The Innes Book of Records is a television show made by the English singer-songwriter Neil Innes. Three series of the show aired between January 1979 and November 1981.

==Synopsis==
There were six episodes in each of three series. Each episode in the series is an anthology of short music videos featuring Innes and other performers. These included Jake Thackray, Ivor Cutler, Michael Palin, Kenny Everett, Stanley Unwin, John Cooper Clarke, and Vivian Stanshall, among others.
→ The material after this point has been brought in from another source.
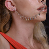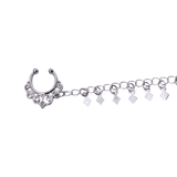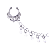 Streamlined and Seductive! The classic silver nose chain features a unique chain pattern inspired by the vintage Bohemian tribal jewelry. Having a half-open septum ring at one end and fine pin stud on the other, this unblemished ear to nose chain offers a traditional Boho chic look.
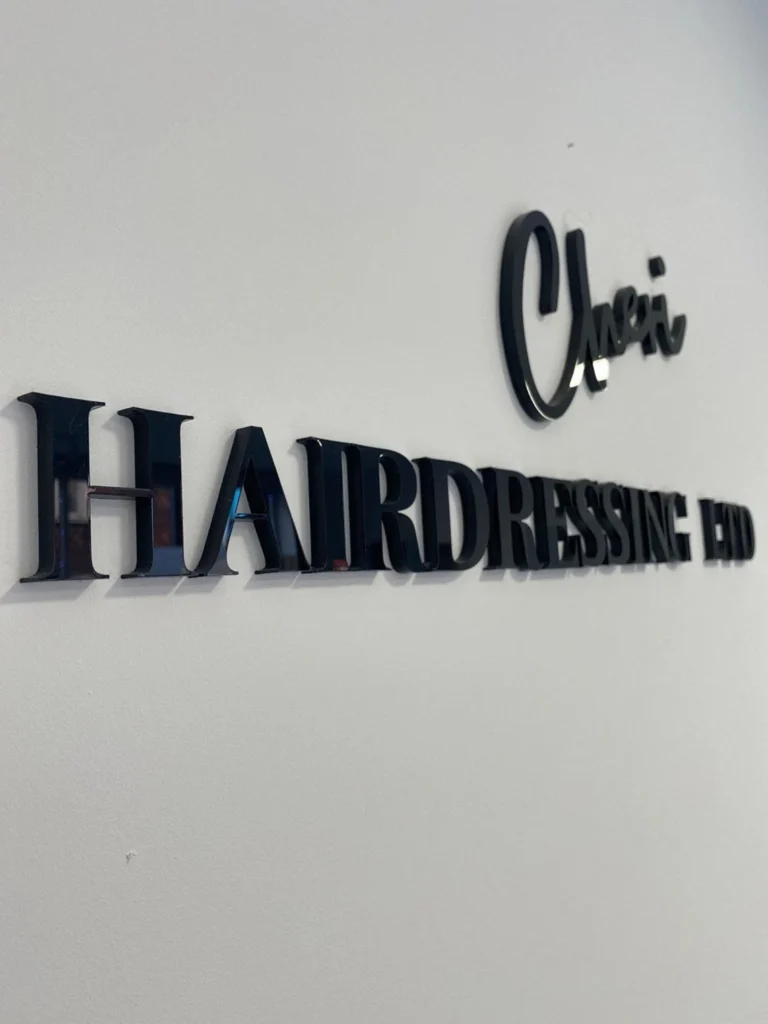 These signs are also commonly found in reception areas, conference rooms, and feature walls where brand identity needs to be clearly presented. Retail stores and salons also use metal on acrylic signage to create a modern and polished interior look.

The opening credits for the first series, featuring a man in a spacesuit in a deserted house, included references to his 1968 hit song with the Bonzo Dog Doo-Dah Band, "I'm the Urban Spaceman", which was performed for the third series.

==Production==
Innes was asked to make the series, which was his first solo series, after Rutland Weekend Television had ended. He had wanted to use the title Parodies Lost, but his producer, Ian Keill, insisted on its title.

Composer John Altman was musical director for all three series. The song parodies were filmed on location in the second series.

==Broadcast==
It was first broadcast on 17 January 1979 on BBC2. It was renewed for two further series, with the final episode on 9 November 1981.

The show was aired on UK Gold TV in the late 1990s. A bonus DVD with 16 clips from the show was included in three Recollections: Le Duck's Box Set, released in 2013.

==Music==
Innes' own composition, the 1967 novelty song "Death Cab For Cutie", first used in The Beatles' film Magical Mystery Tour, was used in the series.

He released two audio albums, The Innes Book of Records (Polydor, 1979) and Off the Record (1982), of songs from the show.